**Task item:** Could you output the listing that follows exactly, without its images?

**Raw data:**
- - - - - - -
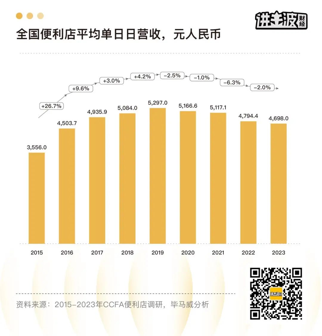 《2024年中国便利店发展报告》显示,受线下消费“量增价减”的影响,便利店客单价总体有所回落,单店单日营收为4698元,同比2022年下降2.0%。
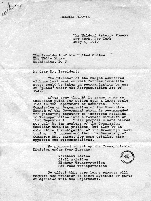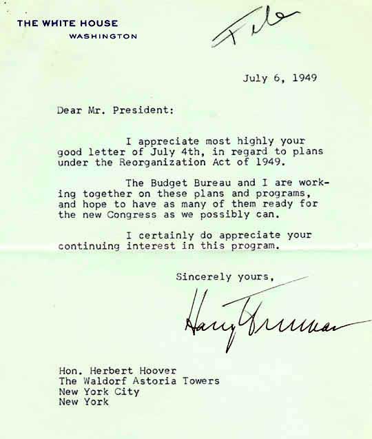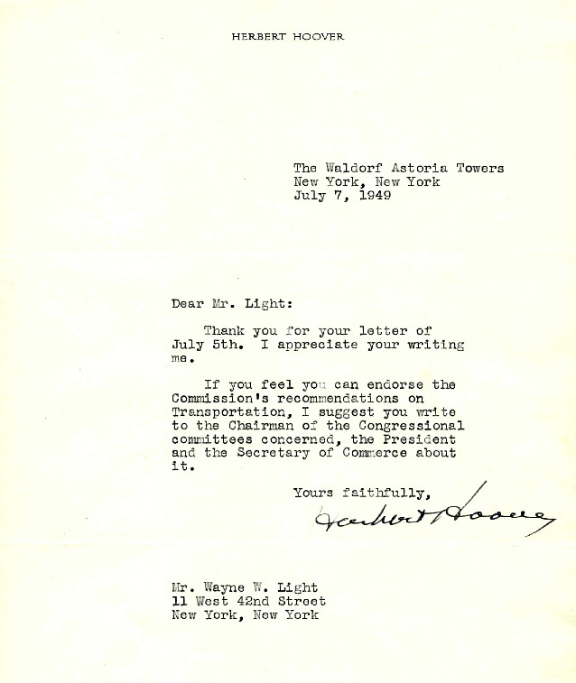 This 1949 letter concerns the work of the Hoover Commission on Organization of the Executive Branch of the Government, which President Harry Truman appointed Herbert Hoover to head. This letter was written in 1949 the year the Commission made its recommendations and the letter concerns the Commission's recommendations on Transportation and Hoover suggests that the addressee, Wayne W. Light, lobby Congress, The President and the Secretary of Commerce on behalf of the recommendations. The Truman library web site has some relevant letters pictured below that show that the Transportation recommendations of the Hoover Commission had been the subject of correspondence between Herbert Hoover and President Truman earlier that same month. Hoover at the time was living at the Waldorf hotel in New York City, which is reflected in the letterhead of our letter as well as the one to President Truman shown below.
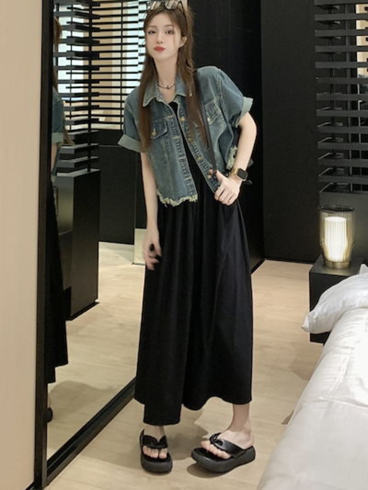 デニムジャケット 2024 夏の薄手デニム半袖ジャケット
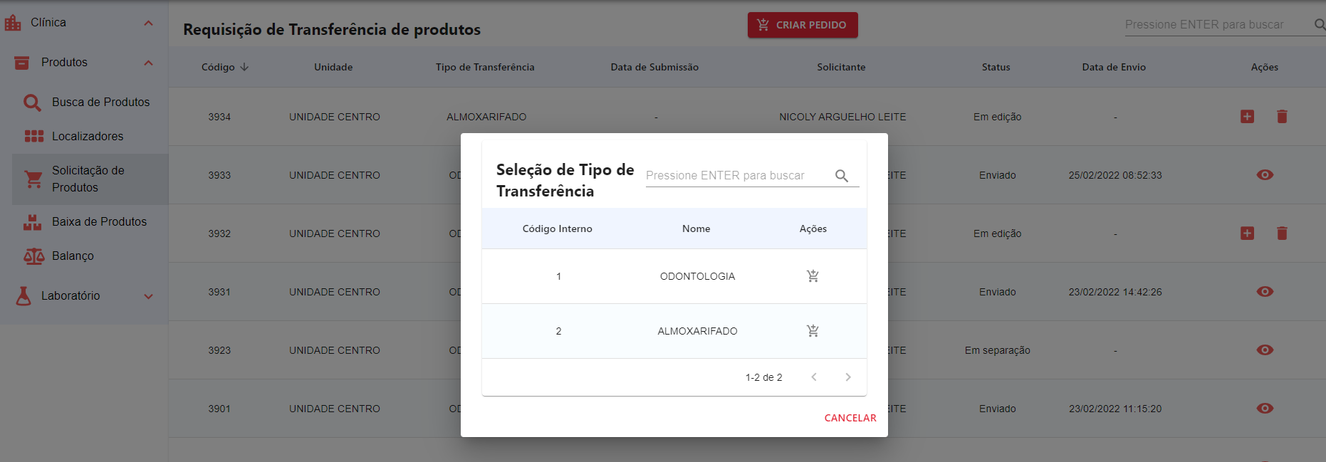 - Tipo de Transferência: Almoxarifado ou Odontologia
- - - - - - -
**Solution for this task:**
 《2024年中国便利店发展报告》显示,受线下消费“量增价减”的影响,便利店客单价总体有所回落,单店单日营收为4698元,同比2022年下降2.0%。
 This 1949 letter concerns the work of the Hoover Commission on Organization of the Executive Branch of the Government, which President Harry Truman appointed Herbert Hoover to head. This letter was written in 1949 the year the Commission made its recommendations and the letter concerns the Commission's recommendations on Transportation and Hoover suggests that the addressee, Wayne W. Light, lobby Congress, The President and the Secretary of Commerce on behalf of the recommendations. The Truman library web site has some relevant letters pictured below that show that the Transportation recommendations of the Hoover Commission had been the subject of correspondence between Herbert Hoover and President Truman earlier that same month. Hoover at the time was living at the Waldorf hotel in New York City, which is reflected in the letterhead of our letter as well as the one to President Truman shown below.
 デニムジャケット 2024 夏の薄手デニム半袖ジャケット
 - Tipo de Transferência: Almoxarifado ou Odontologia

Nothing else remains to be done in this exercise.